(Your assignment): Pull out every line of the listing below where "витратами" appears.

(Input):
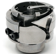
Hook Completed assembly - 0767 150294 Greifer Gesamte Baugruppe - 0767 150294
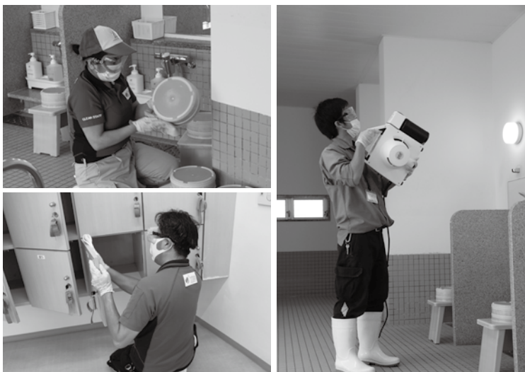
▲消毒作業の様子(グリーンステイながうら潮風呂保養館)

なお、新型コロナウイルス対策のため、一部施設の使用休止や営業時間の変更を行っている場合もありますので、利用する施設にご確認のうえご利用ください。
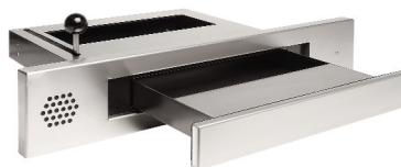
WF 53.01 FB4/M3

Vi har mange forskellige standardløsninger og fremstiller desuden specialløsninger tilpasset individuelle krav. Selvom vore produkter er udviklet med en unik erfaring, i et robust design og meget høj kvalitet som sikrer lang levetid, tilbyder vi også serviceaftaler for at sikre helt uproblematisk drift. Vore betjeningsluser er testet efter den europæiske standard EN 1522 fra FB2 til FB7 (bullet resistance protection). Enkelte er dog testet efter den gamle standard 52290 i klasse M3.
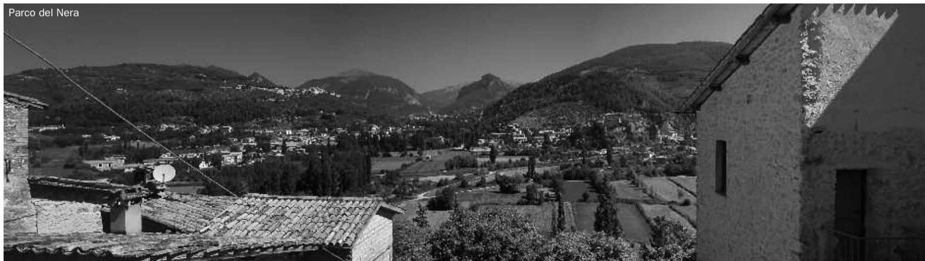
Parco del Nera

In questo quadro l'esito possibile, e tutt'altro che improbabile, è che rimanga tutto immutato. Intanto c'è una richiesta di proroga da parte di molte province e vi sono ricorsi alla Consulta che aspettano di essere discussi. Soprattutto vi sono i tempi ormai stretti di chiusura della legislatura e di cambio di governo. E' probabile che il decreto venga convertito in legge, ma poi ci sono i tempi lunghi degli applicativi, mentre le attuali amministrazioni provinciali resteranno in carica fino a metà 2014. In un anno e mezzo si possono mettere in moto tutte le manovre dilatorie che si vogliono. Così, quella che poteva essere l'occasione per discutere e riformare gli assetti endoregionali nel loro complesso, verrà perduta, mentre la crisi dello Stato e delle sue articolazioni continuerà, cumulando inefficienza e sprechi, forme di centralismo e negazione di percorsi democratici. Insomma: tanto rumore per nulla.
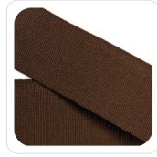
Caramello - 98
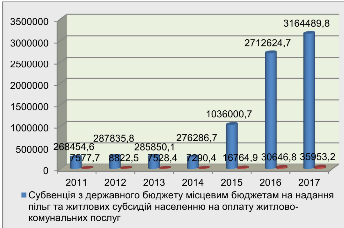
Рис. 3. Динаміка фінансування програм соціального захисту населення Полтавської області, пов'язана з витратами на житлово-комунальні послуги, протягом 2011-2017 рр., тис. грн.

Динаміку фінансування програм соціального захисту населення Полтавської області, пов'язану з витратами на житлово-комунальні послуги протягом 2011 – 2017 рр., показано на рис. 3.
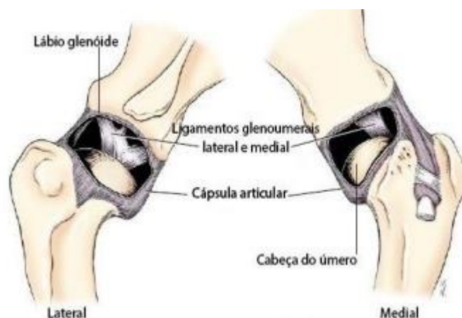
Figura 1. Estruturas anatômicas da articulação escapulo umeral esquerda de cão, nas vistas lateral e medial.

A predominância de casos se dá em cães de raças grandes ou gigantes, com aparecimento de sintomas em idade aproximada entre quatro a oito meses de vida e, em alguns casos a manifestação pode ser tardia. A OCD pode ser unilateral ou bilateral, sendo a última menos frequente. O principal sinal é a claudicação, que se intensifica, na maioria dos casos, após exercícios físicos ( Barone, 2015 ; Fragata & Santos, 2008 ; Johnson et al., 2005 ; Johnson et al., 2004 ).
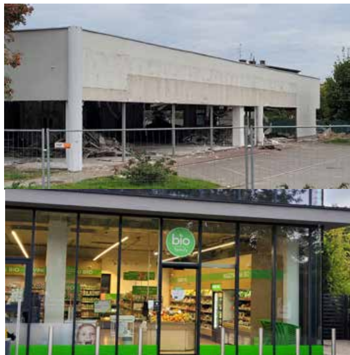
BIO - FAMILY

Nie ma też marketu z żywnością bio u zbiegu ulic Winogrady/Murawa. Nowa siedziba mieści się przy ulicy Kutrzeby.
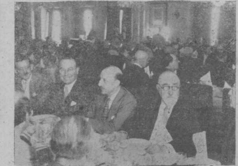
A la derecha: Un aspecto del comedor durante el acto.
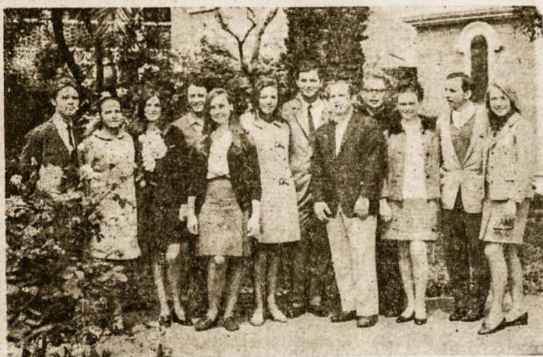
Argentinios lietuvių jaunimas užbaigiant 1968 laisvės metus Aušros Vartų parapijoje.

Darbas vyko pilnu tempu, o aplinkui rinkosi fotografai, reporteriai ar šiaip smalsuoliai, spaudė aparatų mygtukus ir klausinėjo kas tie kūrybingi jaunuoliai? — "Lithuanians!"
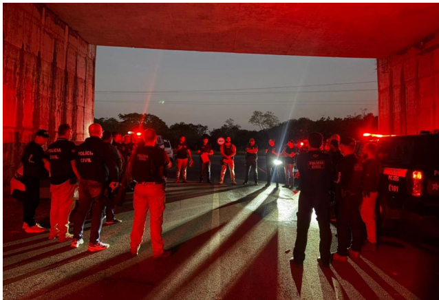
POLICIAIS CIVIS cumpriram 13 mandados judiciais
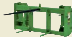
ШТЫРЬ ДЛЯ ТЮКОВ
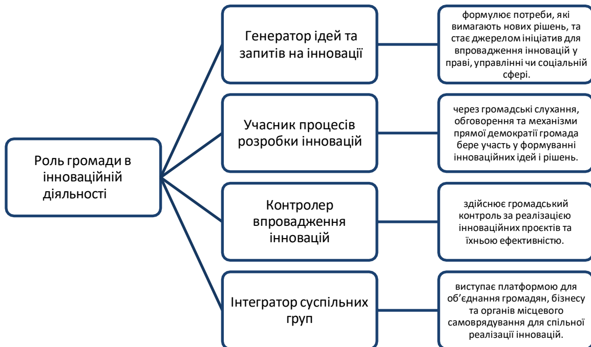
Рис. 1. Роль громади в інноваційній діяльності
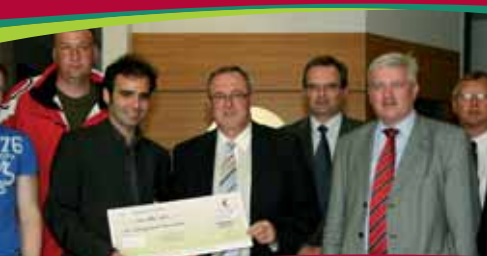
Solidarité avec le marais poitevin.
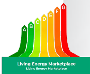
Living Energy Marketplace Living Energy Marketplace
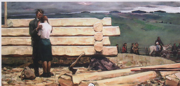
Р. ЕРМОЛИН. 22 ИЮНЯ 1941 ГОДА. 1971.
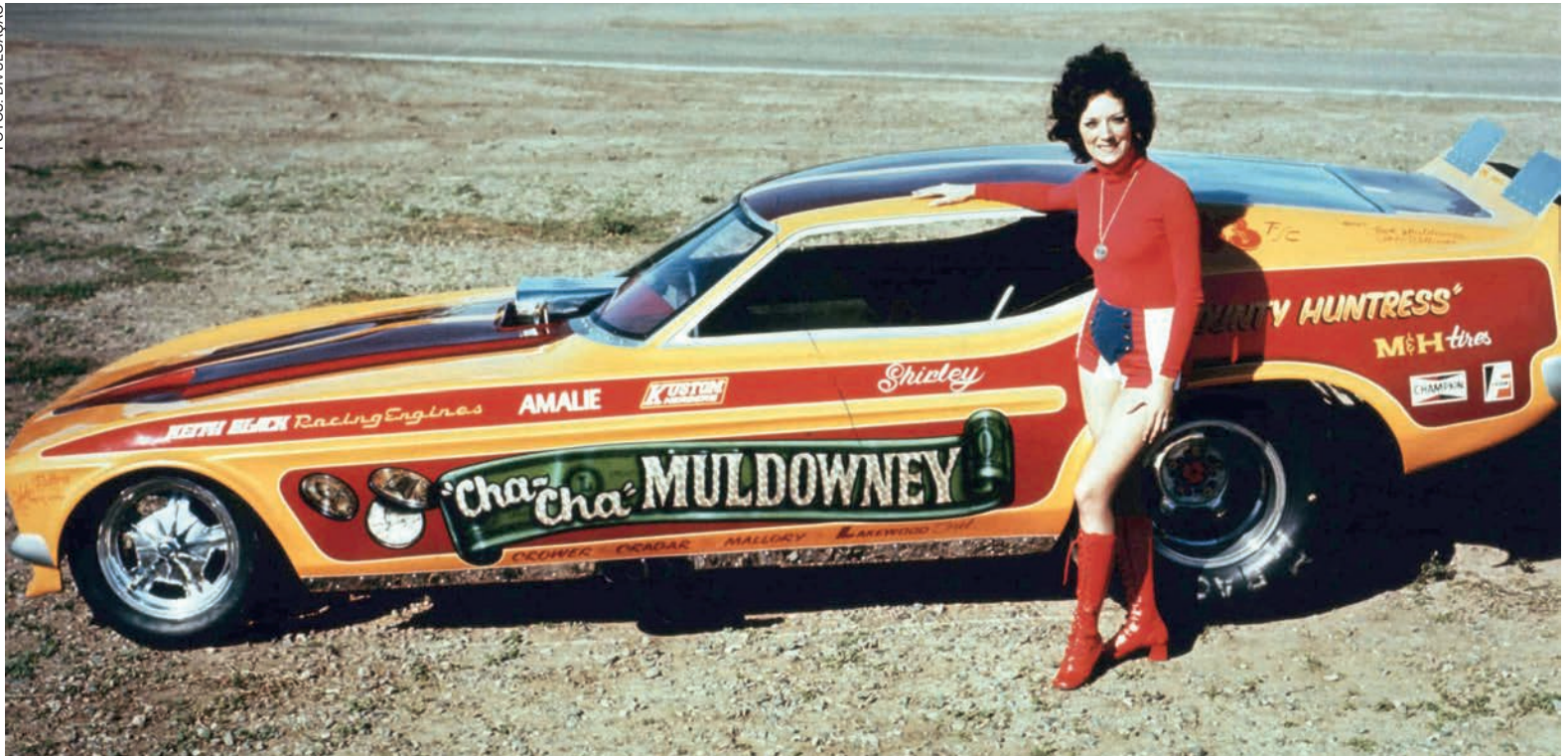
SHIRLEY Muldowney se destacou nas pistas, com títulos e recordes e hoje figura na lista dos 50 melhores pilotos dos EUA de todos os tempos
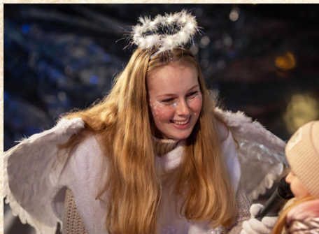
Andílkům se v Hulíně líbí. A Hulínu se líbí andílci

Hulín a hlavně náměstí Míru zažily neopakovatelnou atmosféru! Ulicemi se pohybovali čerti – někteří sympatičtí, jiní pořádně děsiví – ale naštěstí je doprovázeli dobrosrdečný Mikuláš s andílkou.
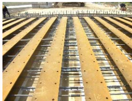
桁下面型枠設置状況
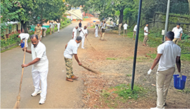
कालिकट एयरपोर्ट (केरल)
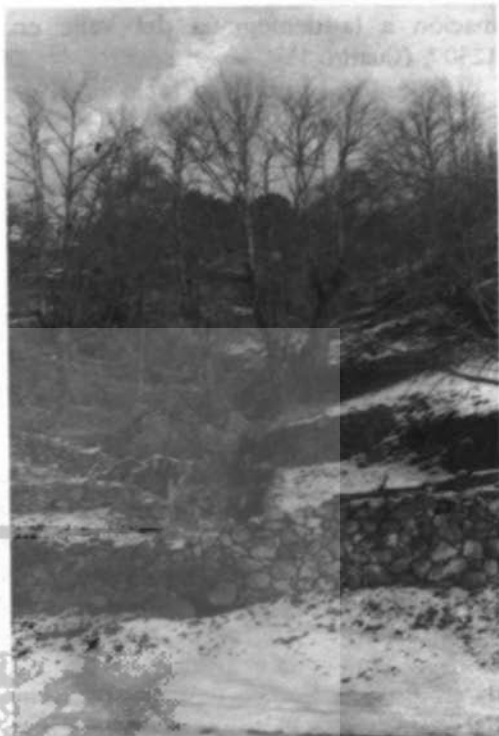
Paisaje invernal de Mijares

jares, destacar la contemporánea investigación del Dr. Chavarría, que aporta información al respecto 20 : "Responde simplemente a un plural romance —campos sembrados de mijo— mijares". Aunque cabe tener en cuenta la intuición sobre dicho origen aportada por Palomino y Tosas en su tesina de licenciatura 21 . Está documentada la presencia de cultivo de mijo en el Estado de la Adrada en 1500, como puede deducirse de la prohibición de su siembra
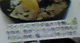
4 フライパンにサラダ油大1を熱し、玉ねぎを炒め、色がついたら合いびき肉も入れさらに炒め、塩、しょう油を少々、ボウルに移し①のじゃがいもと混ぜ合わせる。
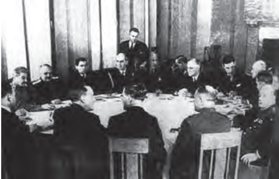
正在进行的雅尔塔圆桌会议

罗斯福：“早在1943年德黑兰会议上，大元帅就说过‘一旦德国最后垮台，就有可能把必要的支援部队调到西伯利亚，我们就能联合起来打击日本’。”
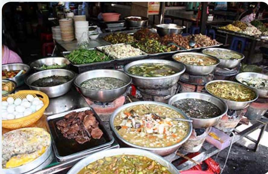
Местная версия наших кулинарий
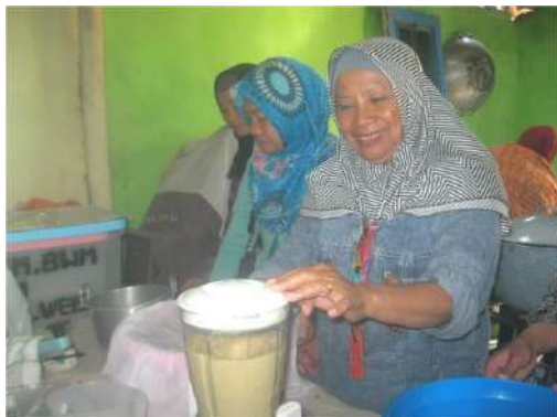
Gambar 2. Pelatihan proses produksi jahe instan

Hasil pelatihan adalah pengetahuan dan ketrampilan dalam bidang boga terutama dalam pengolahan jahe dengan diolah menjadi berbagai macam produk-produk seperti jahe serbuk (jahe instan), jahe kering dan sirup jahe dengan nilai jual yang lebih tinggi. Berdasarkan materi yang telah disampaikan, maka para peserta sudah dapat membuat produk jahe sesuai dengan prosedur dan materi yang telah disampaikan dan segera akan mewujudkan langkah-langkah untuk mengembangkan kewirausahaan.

(Answer section):
Рис. 3. Динаміка фінансування програм соціального захисту населення Полтавської області, пов'язана з витратами на житлово-комунальні послуги, протягом 2011-2017 рр., тис. грн.
Динаміку фінансування програм соціального захисту населення Полтавської області, пов'язану з витратами на житлово-комунальні послуги протягом 2011 – 2017 рр., показано на рис. 3.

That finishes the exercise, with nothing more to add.